The menu is simple and mostly consists of oysters, but we did try the scallop plate as a starter. The oysters are priced based on size and quality. It was here we savoured some of the best oysters ever! The no. 2 Les Pousses en Claires were exceptional. Large, sweet, and meaty – I could have eaten ten dozen.
3. L’Avant Comptoir du Marché
We found L’Avant Comptoir du Marché beside the Huitrerie Régis oyster bar, in the corner of the Marché Saint-Germain.
We were already full but were attracted by the funky interior and unusual menu of this tapas bar.
Here you can try small bites of pork, like old-fashioned noir de Bigorre pâté, boudin terrine, slow-cooked pork shoulder in an oyster emulsion.
To start, we tried the hearty corn and sunflower seed bread with pork fat. It was an unusual snack for many, I am sure, but as a Romanian, I grew up eating it, so it reminded me of my childhood.
After that, hubby went with the pâté, while I tried the gorgeous foie gras in dashi and radishes. I savoured every bite.
We washed it all down with a glass of red wine. It was just what the doctor ordered.
4. La Parisienne
You can’t visit Paris without trying the city’s best baguette. Every year a “Grand Prix de la Baguette” is organised to establish the best baguette, and La Parisienne won the title in 2016.
When we arrived, the line was stretching out the door, and the smell of freshly baked bread and baguettes was impossible to resist.
We got a baguette and ate it at the nearby Jardin du Luxembourg. On a warm day, it’s the perfect way to hang loose. Put your feet up on one of the many chairs and watch the world pass. By the looks of it, it’s the preferred activity for locals too.
5. Galeries Lafayette Gourmet
This French culinary treat was a surprise by hubby. He watched sufficient food programs about Paris to know he had to visit Galeries Lafayette Gourmet while in the city.
We had been walking for twenty minutes, and I was beginning to be grumpy with him being so secretive. As soon as we arrived at the mall, all my annoyances disappeared.
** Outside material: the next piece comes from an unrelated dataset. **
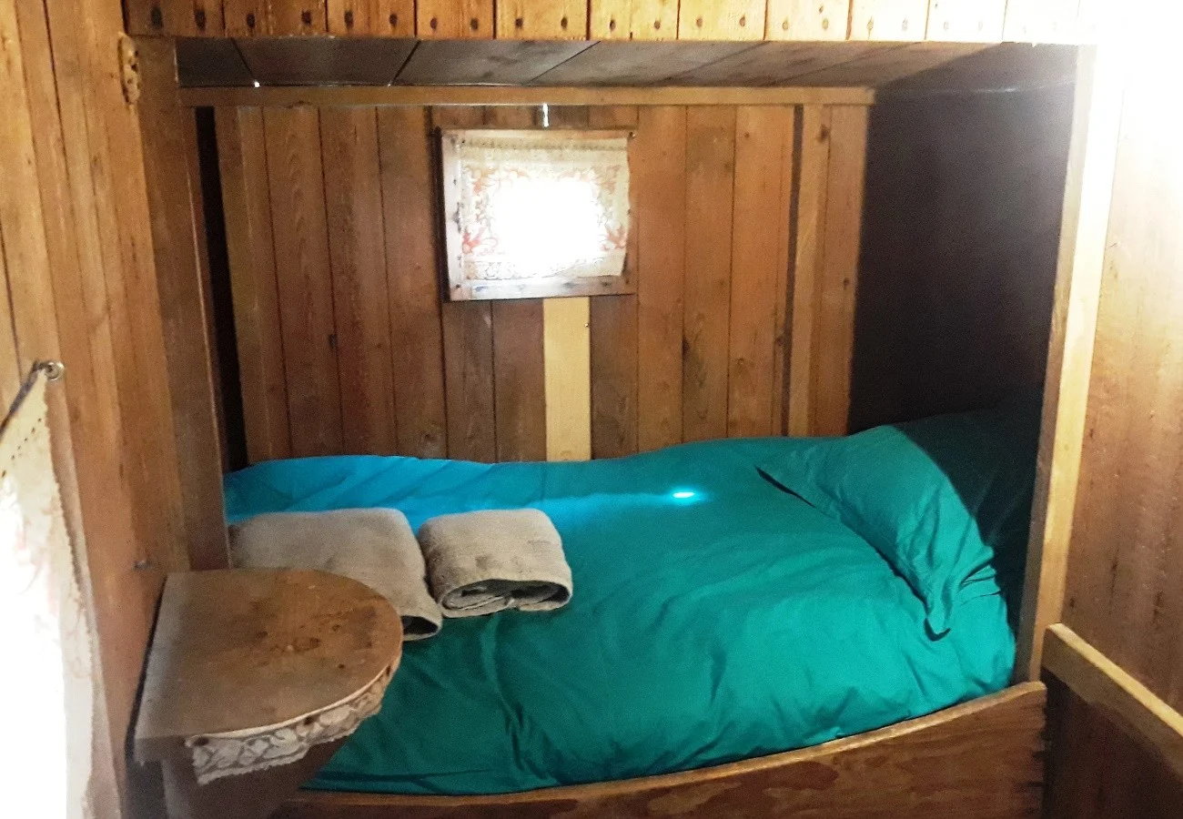 Il possède un coin assis avec deux banquettes et différents espaces de rangement (placards, étagères). Reliée à l’électricité, vous disposez d’une applique pour l’éclairage et d’une prise.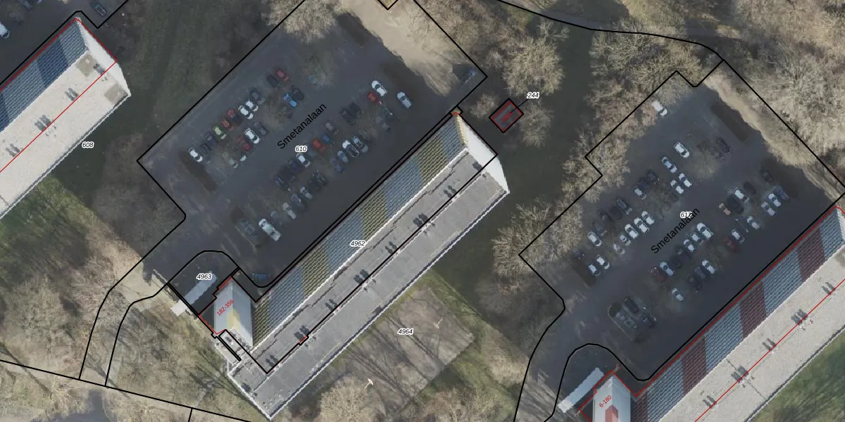Het perceel waarop Smetanalaan 336 staat heeft een oppervlakte van 1168 m². Dit is een zeer groot perceel. De perceeloppervlakte wordt geregistreerd door het Kadaster. Gedetailleerde informatie over de maten van dit perceel kunt u vinden in het rapport Kadastrale kaart met maatvoering van Smetanalaan 336.

You can’t be upset in the presence of good food.
The interior reminded me of Harrods in London, with fine food and sweets shops in all directions making me a little overwhelmed.
One shop, in particular, is La Maison de la Truffe, dedicated to promoting the black diamond of the gourmet world since 1932.
Here, we shared a truffle starter consisting of truffle cheese and salami with a salad, fine ham and scallop pâté with truffles. As main courses, I had the truffle tagliatelle and hubby gorged on the truffle gnocchi. I had to pinch myself to make sure I was not dreaming all this truffle goodness.
Once full, we went perusing the other shops and filled a bag with homemade macarons. To my delight, Aoki Sadaharu, a patisserie that brings a Japanese twist to the French pastry scene, had a shop inside the mall and I was able to taste some of their famous Bamboo and Mâcha azuki cake slices. Here you can try unusual and exotic flavours of macarons, like wasabi, red beans, and sesame.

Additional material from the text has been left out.